Hizbullah berada di gerbang Galilea, 17 tahun setelah Perang Lebanon Kedua

Terlepas dari semua upaya untuk melenyapkan kelompok perlawanan Lebanon(Hizbullah), saat ini Tel Aviv menghadapi Hizbullah yang lebih kuat, lebih berani, dan tidak tergoyahkan, saat ini Israel telah terkunci dan tak bisa lagi mengontrol perbatasannya di utara.

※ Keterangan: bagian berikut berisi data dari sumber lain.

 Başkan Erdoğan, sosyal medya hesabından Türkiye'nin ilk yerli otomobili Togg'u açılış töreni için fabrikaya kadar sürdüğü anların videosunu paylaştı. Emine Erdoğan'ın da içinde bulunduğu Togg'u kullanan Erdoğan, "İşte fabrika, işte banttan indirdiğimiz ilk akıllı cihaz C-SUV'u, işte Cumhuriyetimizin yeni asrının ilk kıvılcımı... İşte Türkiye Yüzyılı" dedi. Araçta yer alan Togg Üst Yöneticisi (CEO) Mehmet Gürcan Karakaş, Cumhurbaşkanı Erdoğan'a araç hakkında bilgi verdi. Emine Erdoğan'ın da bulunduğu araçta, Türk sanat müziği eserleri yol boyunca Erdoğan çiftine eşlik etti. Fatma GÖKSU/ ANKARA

Resistensi.id – “Pada April 2022, sebuah truk dengan kontainer di atasnya tiba-tiba muncul di sisi Lebanon di depan Avivim. IDF menontonnya dan tidak mengerti tujuannya. Truk tersebut menempatkan peti kemas di dekat perbatasan dan di dalamnya ditempatkan beberapa anggota Pasukan Radwan, pasukan elit Hizbullah, dengan membawa senjata kecil namun dilengkapi dengan sistem observasi. Beberapa waktu kemudian, sebuah struktur beton dibangun di samping kontainer, dan kemudian menjadi posisi yang permanen.

Setelah itu, lebih dari 30 pos semacam itu bermunculan, tersebar di sepanjang perbatasan, dari laut hingga gunung, pada jarak yang sangat dekat dari perbatasan internasional Israel. Anggota Hizbullah yang dilengkapi senjata menempati area di sepanjang perbatasan, dan pada siang hari mereka membawa senjata, tetapi pada malam hari mereka berjalan-jalan dengan membawa senjata laras panjang, dan mereka juga memiliki senapan mesin dan senapan untuk para penembak jitu.

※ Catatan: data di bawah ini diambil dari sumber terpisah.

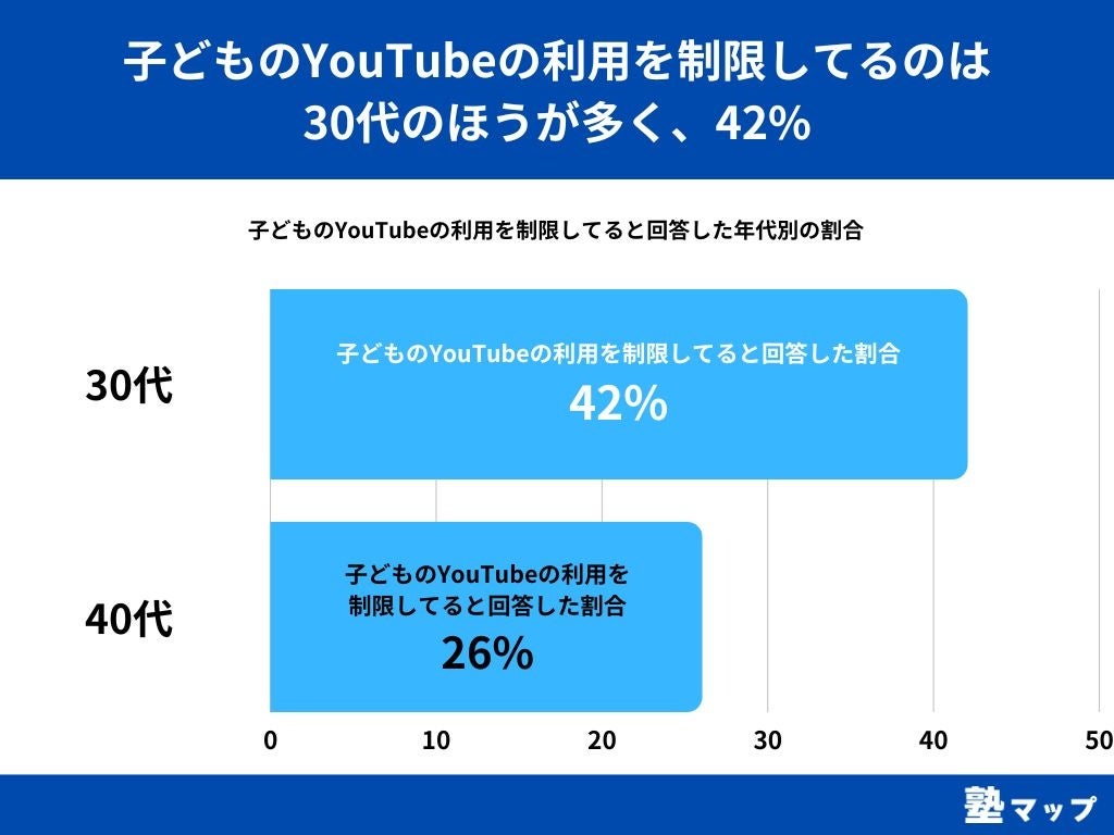 子どものYouTubeの利用を制限してると回答した割合を年代別でみてみますと、30代が42%、40代が26%という結果になりました。

Beberapa di antaranya adalah pos pengamatan yang memantau dan mendokumentasikan aktivitas IDF di seberang perbatasan, beberapa di antaranya adalah pos peringatan yang berada di jalur masuk ke Lebanon dan dirancang untuk menghalangi pasukan Israel yang mencoba masuk.

Di dalamnya ditempatkan orang-orang dari pasukan Radwan, pasukan ofensif Hizbullah, yang merupakan unit yang berbeda dari pasukan pertahanan darat Hizbullah – yang sebagian besar keputusan diambil di desa-desa – dan memiliki rantai komandonya sendiri. Sebagian besar anggotanya adalah kombatan yang kembali dari perang di Suriah, ini sekarang telah menjadi kekuatan yang memiliki sejumlah brigade dan lebih dari 15 batalyon dikerahkan di sepanjang perbatasan dengan Israel.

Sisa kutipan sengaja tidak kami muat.